The Girl Who is Getting Married by Aoko Matsuda
If there was ever a reminder that we all feel lost and not in control sometimes, The Girl Who is Getting Married is it. A story that shifts and changes almost imperceptibly at first as the unnamed narrator goes to visit her engaged friend, it is infused with the subjectivity of balance. Quarantine offers so many opportunities for self-reflection and improvement, but The Girl Who is Getting Married is perhaps the memo we need to accept that it’s okay for this period of lockdown to be about finding balance and quiet stability as the structure of everything we know continues to shift.

Boiler House Press, chosen by Philip Langeskov

This Paradise by Ruby Cowling
This is a book to set the mind free - no bad thing in present circumstances.

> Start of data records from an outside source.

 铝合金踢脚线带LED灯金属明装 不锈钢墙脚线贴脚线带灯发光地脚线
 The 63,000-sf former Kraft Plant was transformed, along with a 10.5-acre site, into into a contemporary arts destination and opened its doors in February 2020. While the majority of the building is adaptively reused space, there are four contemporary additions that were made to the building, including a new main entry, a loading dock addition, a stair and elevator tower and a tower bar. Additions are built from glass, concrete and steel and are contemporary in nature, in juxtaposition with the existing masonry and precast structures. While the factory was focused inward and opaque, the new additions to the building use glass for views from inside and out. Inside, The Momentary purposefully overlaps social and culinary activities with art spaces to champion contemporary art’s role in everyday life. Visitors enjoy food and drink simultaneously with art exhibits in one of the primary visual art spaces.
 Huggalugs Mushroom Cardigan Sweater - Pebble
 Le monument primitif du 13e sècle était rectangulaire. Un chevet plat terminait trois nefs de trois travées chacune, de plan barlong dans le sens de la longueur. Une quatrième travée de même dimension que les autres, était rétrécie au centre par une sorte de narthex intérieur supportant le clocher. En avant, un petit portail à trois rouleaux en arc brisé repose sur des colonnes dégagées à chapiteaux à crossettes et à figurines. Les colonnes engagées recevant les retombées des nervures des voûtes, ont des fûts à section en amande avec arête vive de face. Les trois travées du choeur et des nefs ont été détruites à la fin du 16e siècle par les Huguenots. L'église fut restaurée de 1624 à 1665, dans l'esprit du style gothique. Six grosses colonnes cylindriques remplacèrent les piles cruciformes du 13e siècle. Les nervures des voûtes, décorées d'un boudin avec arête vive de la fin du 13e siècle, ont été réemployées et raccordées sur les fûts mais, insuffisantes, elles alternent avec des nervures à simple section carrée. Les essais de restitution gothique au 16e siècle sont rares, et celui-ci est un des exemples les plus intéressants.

Exquisitely written and audaciously imagined, here are eleven stories that pulse with the particular energies of our time, asking questions about the conditions under which we live and asking us to think about how we might live differently in the future.

Animalia Paradoxa by Henrietta Rose-Innes
Animalia Paradoxa comes to us from a world that, for all its strangeness, once seemed very familiar. It's a world in which people travel back and forth across continents, in which people have intimate encounters, in which lives are freighted with submerged desires and the heavy burden of memory. Henrietta Rose-Innes is one of South Africa's finest contemporary writers; once you've read this, you'll understand why.

Boiler House Press Poetry, chosen Nathan Hamilton 

Rabbit by Sophie Robinson 
This is the long-awaited third collection from Sophie Robinson - one of the UK’s finest, most virtuosic of modern lyric poets, and one of UEA’s own creative writing academics to boot. These poems will transport the lockdown reader on surprising journeys of healing, hard-won amid personal and social vicissitudes – including triumph over addiction, and alcoholism – and open spaces in which to share in emotional, quasi-spiritual transcendence. Perfect for conquering any isolation blues. It was a stand-out poetry title from 2018 and was chosen for the PBS Wild Card Choice for Winter, 2018.

of sirens, body & faultlines by Nat Raha
This highly experimental book of prophecy against the Brexit era rises from a post-2008 London, where crisis and austerity meet the vanity projects of the super-rich. Committed to the immediacy of a present that is precarious and evermore under surveillance, and attends to queer, transfeminist and people of colour counter-memories and histories. It seeks new expressions of desire and modes of breath, pushing against the gravities that would rather these lives and worlds disappear, all of which will be felt the more keenly in the present and post Covid-19 moment.